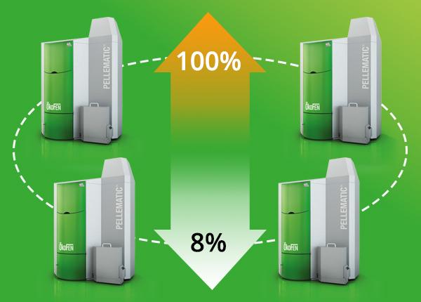 The very large modulation range of a cascade installation can meet the power requirements much better than single boiler systems. A cascade of four ÖkoFEN Pellematic Maxi boilers with condensing technology can modulate from 8% to 100%.
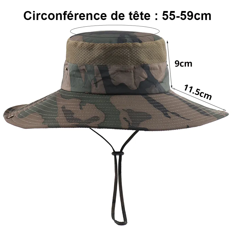 Ce chapeau bob à large bord (11,5cm) est conçu pour être waterproof et avoir un séchage rapide. Son large bord offre une protection solaire optimale pour les saisons printemps/été. Les mailles d’aérations en haut de la couronne permettent une excellente ventilation. Sa taille unique adulte s’adapte à la plupart des circonférences de tête (55-58cm). Ce chapeau possède 2 cordons de serrage réglables pour un bon maintien sur la tête ou pour le garder sur le dos. Ce couvre-chef sera l’accessoire idéal pour des activités de pêche, camping, randonnée…
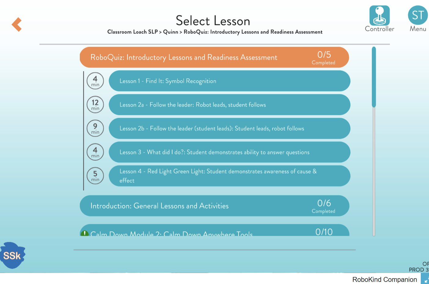 Upon logging into the Companion App, select your robot/virtual, classroom, and student(s). Navigate to and click All Modules. The RoboQuiz is the first module available in the lesson selection page.
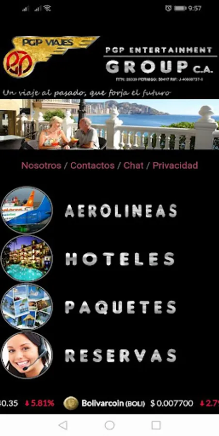 PGP Viajes is another brand of PGP Entertainment Group C.A., duly authorized by the Ministry of Popular Power for Tourism under N °: RTN 20339 Permit N °: 50417, as Tourism Agency.
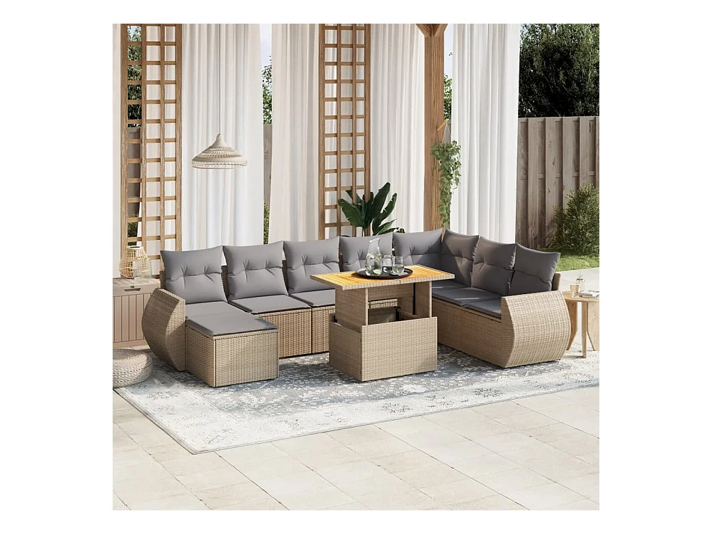 9 peças conjunto sofás jardim com almofadões vime PE/acácia bege
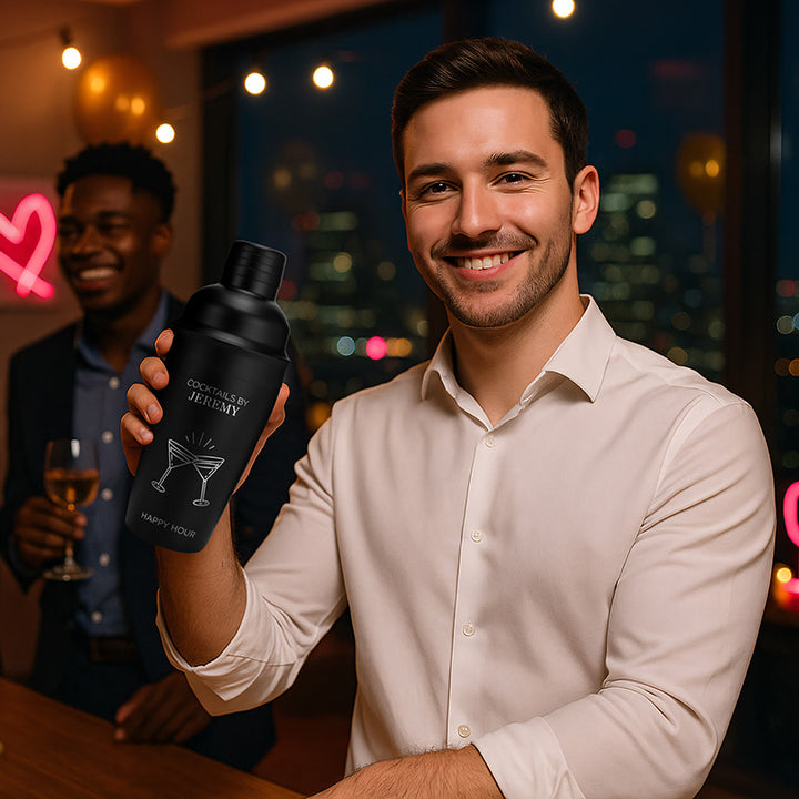 If you’re ready to be a professional mixologist in the comfort of your own house, you’re in the right shop to find yourself a next-level bartender kit with your unique signature. The signature of your chosen custom-engraved icon and your name. This 18-oz cocktail-making shaker set is not just a tool for delicious cocktails; it’s also a standout accessory for your home bar, and it’s going to be perfect in your hand while shaking in style when your name is engraved on it.
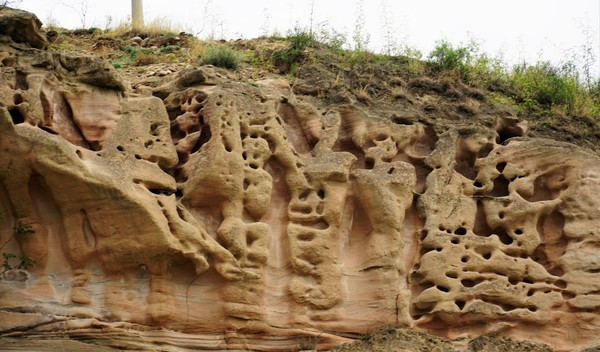 碛口的黄河岸边,有一段“画廊”:经长年河水冲刷,黄土形成奇形怪状的图案。船老大一边开船,一边介绍一幅幅画面的意思。
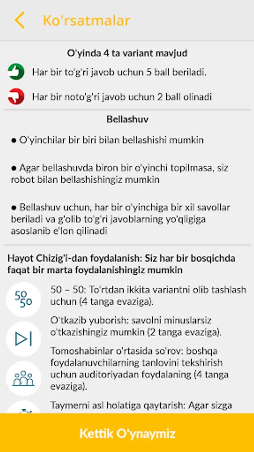 Online Savollarga Javob Berish Tangalar Ishlab Topishingiz va Ularni Haqiqiy Pulga Aylantirishingiz mumkin. Testlar oddiy ko'rinishda bo'lib ham o'yin ham aqlni charxlash sifatida foydalanishingiz mumkin. Dasturda Butun O'zbekiston bilan bellashishingiz mumkin. G'oliblar doimiy tarzda taqdirlanib borishadi.
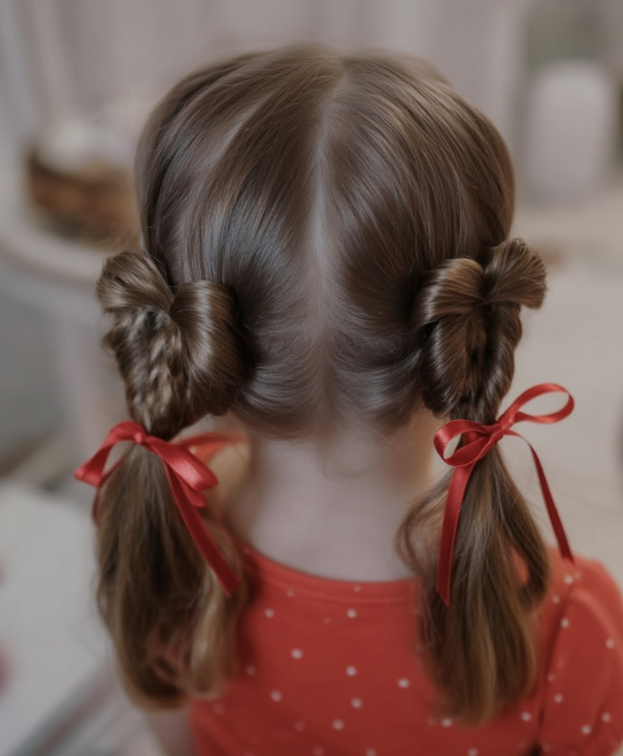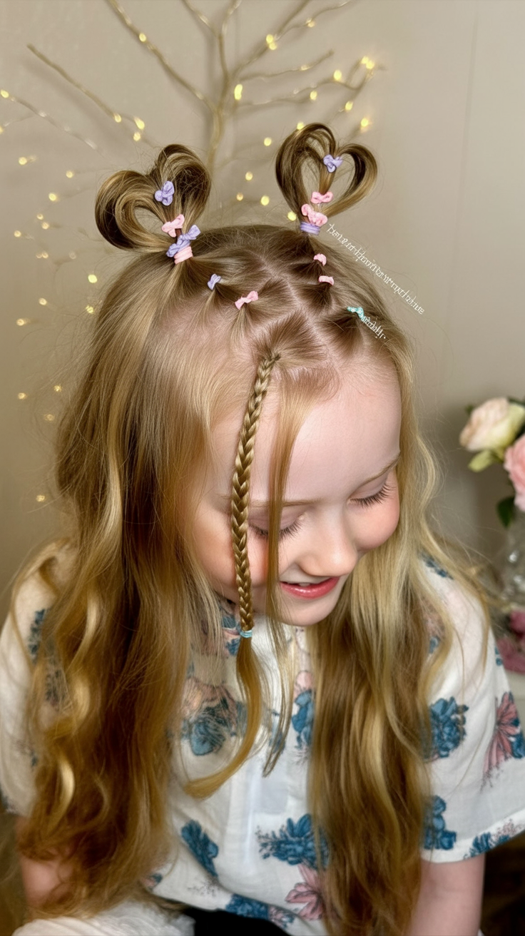 If your child is all about whimsy, this double heart style is basically a wearable Valentine card. Two high sections are looped into sweetheart shapes on top, tied off with pastel elastics, and accented with a tiny braid that frames the face. It has that cute, animated feel that kids love, and it instantly makes any simple dress or T-shirt look special without needing extra accessories.
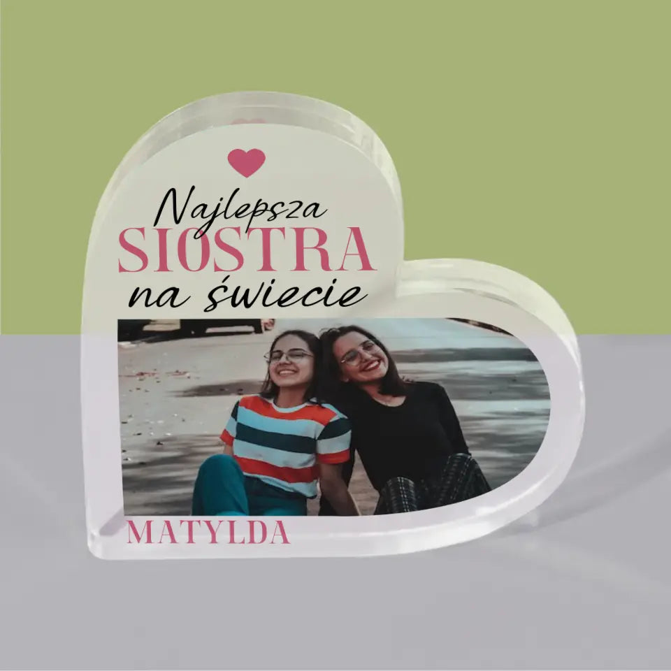 Fotokolaż: Najlepsza Siostra - Blok Akrylowy Serce

+---+

WORK ITEM
Output every record above exactly as written, but skip the pictures.

RESPONSE
 The very large modulation range of a cascade installation can meet the power requirements much better than single boiler systems. A cascade of four ÖkoFEN Pellematic Maxi boilers with condensing technology can modulate from 8% to 100%.
 Ce chapeau bob à large bord (11,5cm) est conçu pour être waterproof et avoir un séchage rapide. Son large bord offre une protection solaire optimale pour les saisons printemps/été. Les mailles d’aérations en haut de la couronne permettent une excellente ventilation. Sa taille unique adulte s’adapte à la plupart des circonférences de tête (55-58cm). Ce chapeau possède 2 cordons de serrage réglables pour un bon maintien sur la tête ou pour le garder sur le dos. Ce couvre-chef sera l’accessoire idéal pour des activités de pêche, camping, randonnée…
 Upon logging into the Companion App, select your robot/virtual, classroom, and student(s). Navigate to and click All Modules. The RoboQuiz is the first module available in the lesson selection page.
 PGP Viajes is another brand of PGP Entertainment Group C.A., duly authorized by the Ministry of Popular Power for Tourism under N °: RTN 20339 Permit N °: 50417, as Tourism Agency.
 9 peças conjunto sofás jardim com almofadões vime PE/acácia bege
 If you’re ready to be a professional mixologist in the comfort of your own house, you’re in the right shop to find yourself a next-level bartender kit with your unique signature. The signature of your chosen custom-engraved icon and your name. This 18-oz cocktail-making shaker set is not just a tool for delicious cocktails; it’s also a standout accessory for your home bar, and it’s going to be perfect in your hand while shaking in style when your name is engraved on it.
 碛口的黄河岸边,有一段“画廊”:经长年河水冲刷,黄土形成奇形怪状的图案。船老大一边开船,一边介绍一幅幅画面的意思。
 Online Savollarga Javob Berish Tangalar Ishlab Topishingiz va Ularni Haqiqiy Pulga Aylantirishingiz mumkin. Testlar oddiy ko'rinishda bo'lib ham o'yin ham aqlni charxlash sifatida foydalanishingiz mumkin. Dasturda Butun O'zbekiston bilan bellashishingiz mumkin. G'oliblar doimiy tarzda taqdirlanib borishadi.
 If your child is all about whimsy, this double heart style is basically a wearable Valentine card. Two high sections are looped into sweetheart shapes on top, tied off with pastel elastics, and accented with a tiny braid that frames the face. It has that cute, animated feel that kids love, and it instantly makes any simple dress or T-shirt look special without needing extra accessories.
 Fotokolaż: Najlepsza Siostra - Blok Akrylowy Serce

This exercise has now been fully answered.